This past week, Goldman Sachs announced its latest round of annual promotions, and in doing so, it offered all of us a reminder that Wall Street is still more or less an adult chapter of the He-Man Women Hater's Club. Just 14 percent of the bank's new partners, and 23 percent of its new managing directors, were female, according to Bloomberg. That's pretty paltry, and about in line with the last couple years.
The sobering stats prompted Business Insider's Henry Blodget to ask his readers just what the heck was going on.
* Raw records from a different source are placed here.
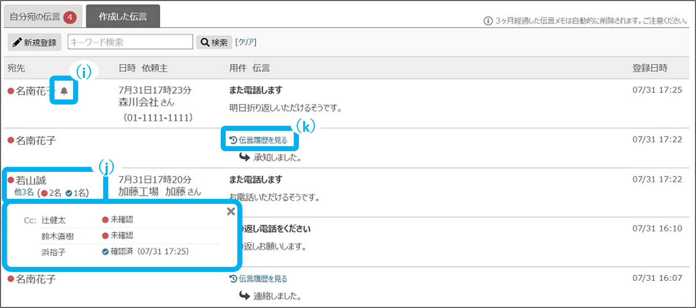 (k)伝言履歴を見る
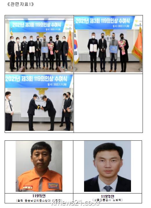 이용금씨는 철원 동송남성의용소방대 보급반장이며, 노범택씨는 서울교통공사에 재직 중이다.
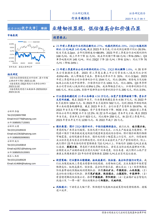【海通证券】【20231109】煤炭行业专题报告:业绩韧性显现,低估值高分红价值凸显-20页
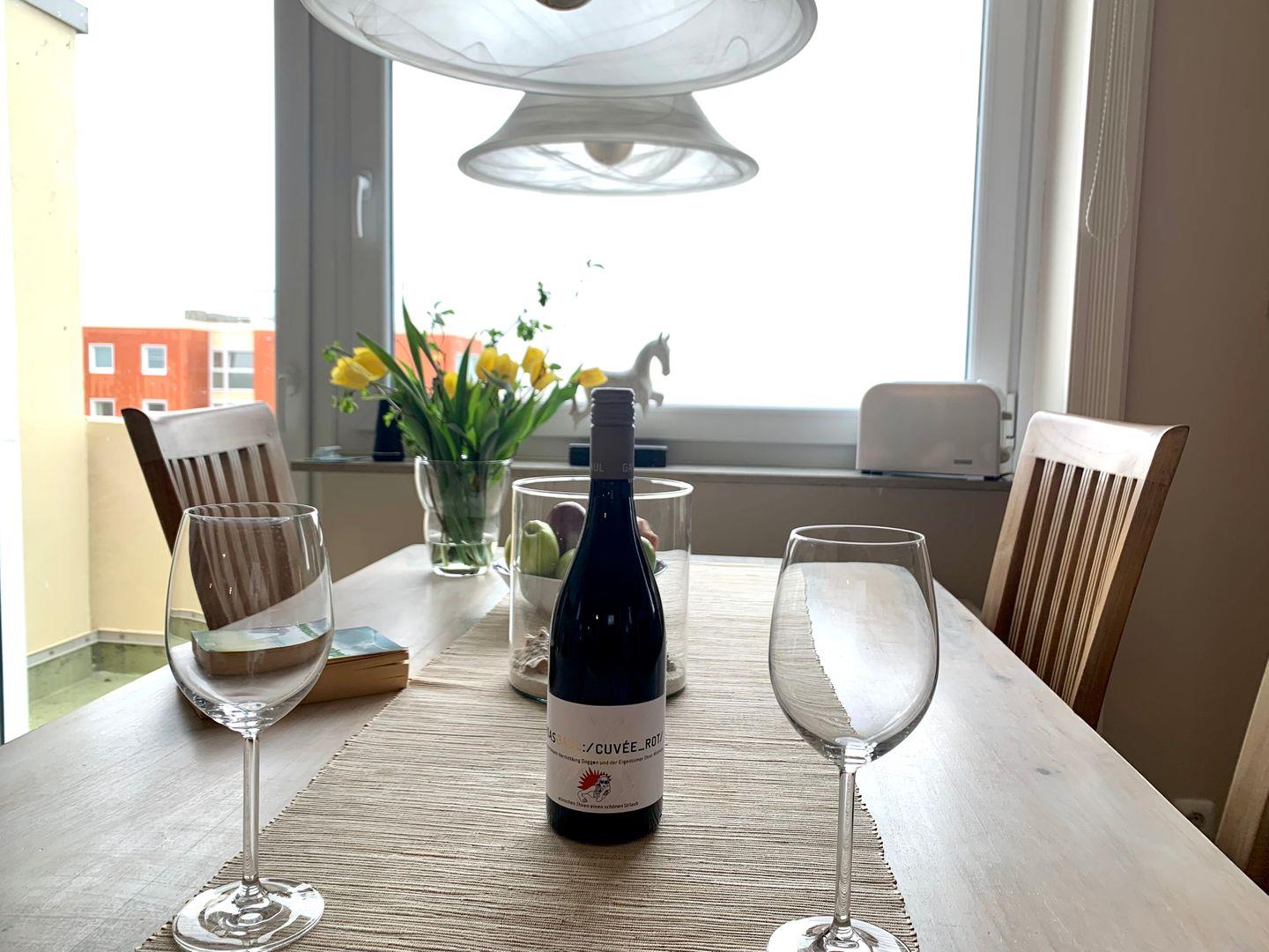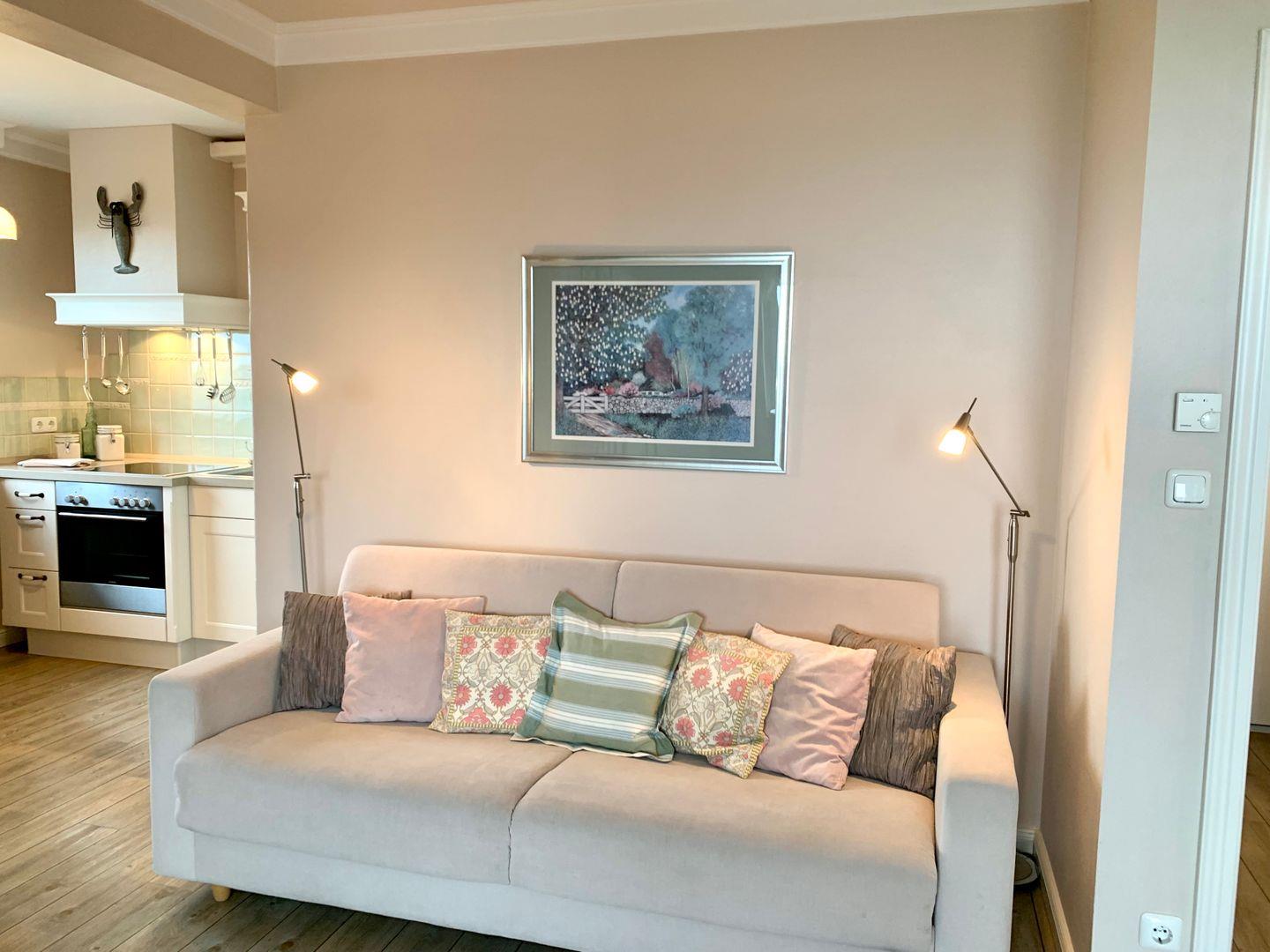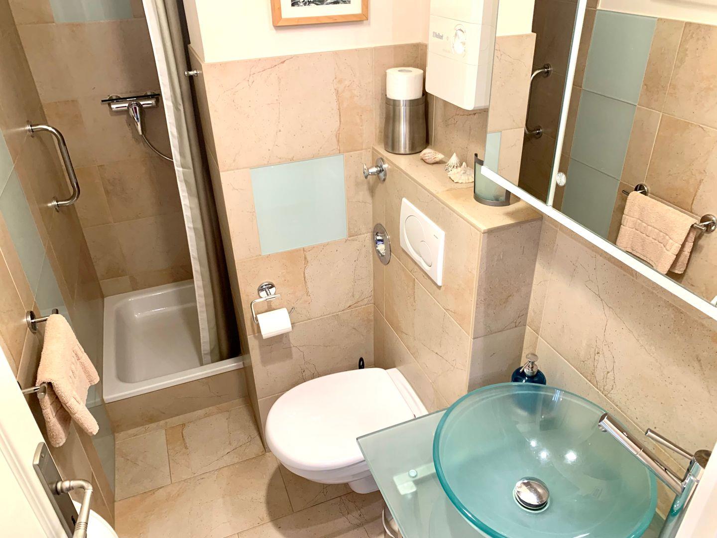 Die angrenzende Küche ist mit einer hochwertigen Küchenzeile versehen, hier gehören unter anderem Cerankochfeld und Backofen sowie Kühlschrank mit Gefrierfach sowie Geschirrspüler und Kaffeemaschine zur Ausstattung. Zur Ferienwohnung gehört ein Dushcbad mit WC.

Though he later nixed this passage after deciding it made him sound like a "sexist neanderthal," here's how he initially framed the issue.
Choice of words aside, Henry's on target about at least one thing: Babies probably explain much of the gap, and not just at Goldman. As Anne Marie Slaughter will tell you, even highly educated women tend to do a disproportionate share of child rearing in this country, and research suggests that ends up putting a huge dent in their careers.
In 2010, Harvard economists Claudia Goldin and Lawrence Katz teamed with Marianne Bertrand of the University of Chicago to publish a paper investigating why it is that, over the course of their work life, female MBAs earn so much less than their male classmates. They tackled the question by surveying graduates of Chicago's Booth School of Business from the classes of 1990 and 2006. Their findings suggested that family obligations were in fact a huge part of the reason why females have so much trouble climbing the elite corporate ladder.
The men and women of Booth started out making roughly similar salaries, as shown in the graph below. Men did slightly better for themselves, in part because they were a bit more likely to take jobs in investment banking or consulting.
Over time, however, the Booth men far outpaced the Booth women. After 10 years or more in the job market, the median male graduate earned about $242,000; the median female earned just $146,000.* The main reason for that chasm was that women were much more likely to take a break from their careers, or work reduced hours, which had a massive influence on pay. Here's how the researchers summed it up:
Women have more career interruptions, and work shorter hours, including more work in part-time positions and self-employment. Although these differences are modest, the remuneration disparity they entail is exceptionally large. [...] Any career interruption--a period of 6 months or more out of work--is costly in terms of future earnings, and at 10 years out, women are 22 percentage points more likely than men to have had at least one career interruption. Deviations from the male norm of high hours and continuous labor market attachment are greatly penalized in the corporate and financial sectors.